Open Data is revolutionizing our world and smart players are making a ton of money by essentially enhancing (or adding value) to the basic functions that government is best suited and designed to provide.

How many Canadian companies are making money in the Open Data market?  Not many.  Not nearly as many as could be doing so.  Despite the easy ways to turn the public against foreign data firms (do you really want Huawei consolidating and analyzing our data?) and positioning themselves as a solution, our business community isn't much doing that.

Why?


You gotta commit a bit of sociology to find the answer, but it does exist.  It boils down to tradition - Canada has traditionally been a resource-based economy, with some traditional manufacturing thrown in.  Even as we struggle to retain auto companies on our soil, we still have the extraction business, right?  


The federal government is encouraging Canadians looking for work to move to Alberta, where there's a thriving oil industry.  There's need there already, people - why on earth try to create something new?

Yet even Middle Eastern oil-rich countries are looking to diversify their economies.  We are becoming laggards and it doesn't suit our long-term interests.
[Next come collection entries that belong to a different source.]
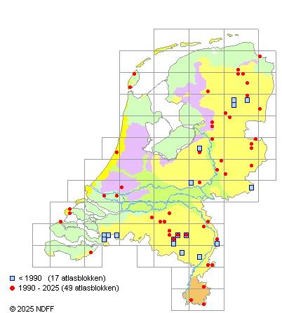 Het aantal atlasblokken (5x5 km) waarin de soort is gemeld binnen een periode van vijf jaar (vanaf 1980) of twintig jaar. Niet gecorrigeerd voor waarnemersinspanning en het aantal doorgegeven waarnemingen kan sterk variëren per periode, dus een trend in verspreiding kan hier niet direct uit worden afgelezen. Het opgegeven jaartal is het eerste jaar van de periode. Bron: gevalideerde waarnemingen uit de NDFF.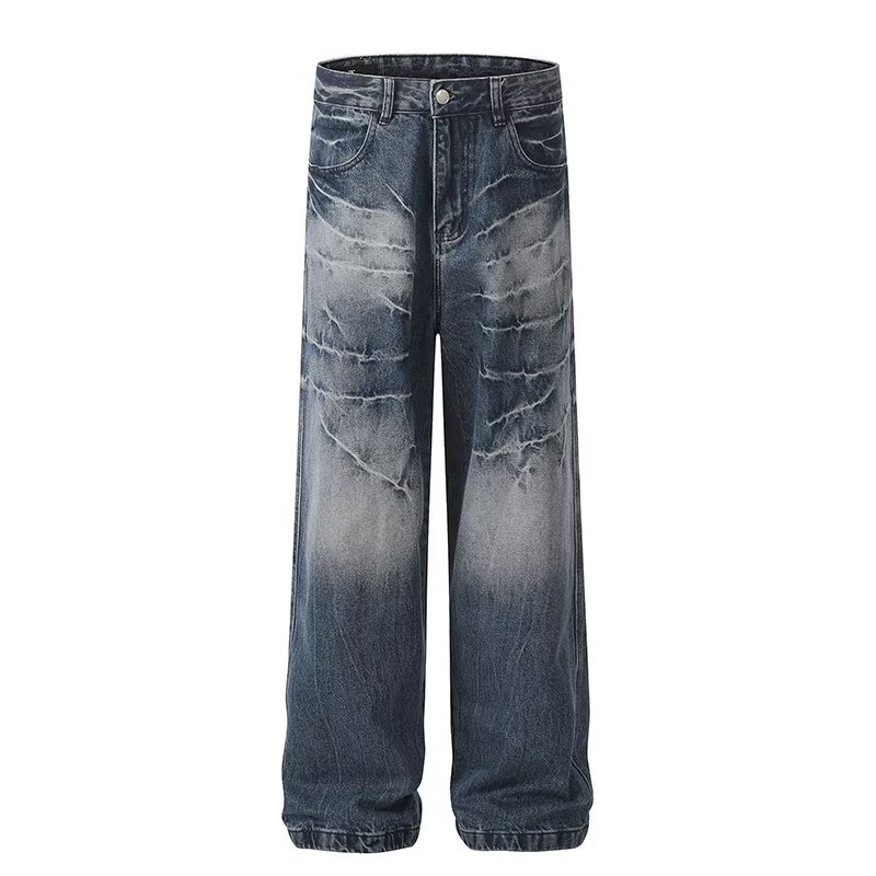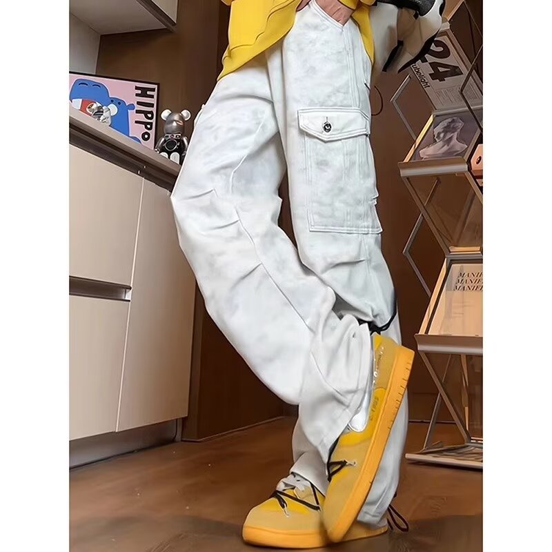 汚い白重工業のズボンの広い足のゆったりしたアメリカ式vibeズボンの男性の秋冬のしわのカジュアルなズボン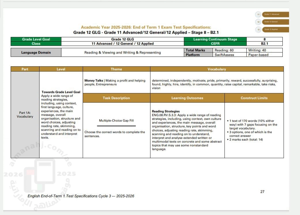أحدث ملفات الصف الثاني عشر, برنامج تمكين, الفصل الأول |

There are people pushing this field - open data, open opportunity, a culture of collaboration that allows for data to flow - but they aren't who you'd think they are.  A lot of the time, they are bureaucrats, social entrepreneurs, activists and hacktivists.  You know, the kinds of people who are supposed to be bad for business-as-usual.

But the business-as-usual of yore isn't the reality any more.  The usual suspects of solution providers don't have the answers to our changing world - not in GR, not in PR and certainly not in CSR.  

The solutions we need exist right now and are slowly coming together, all on their own, even as government creates solutions for problems we don't have.

There's a big shift coming and it's going to be interesting to be part of.  But as they say, it's that which adapts, not that which is tough, that survives.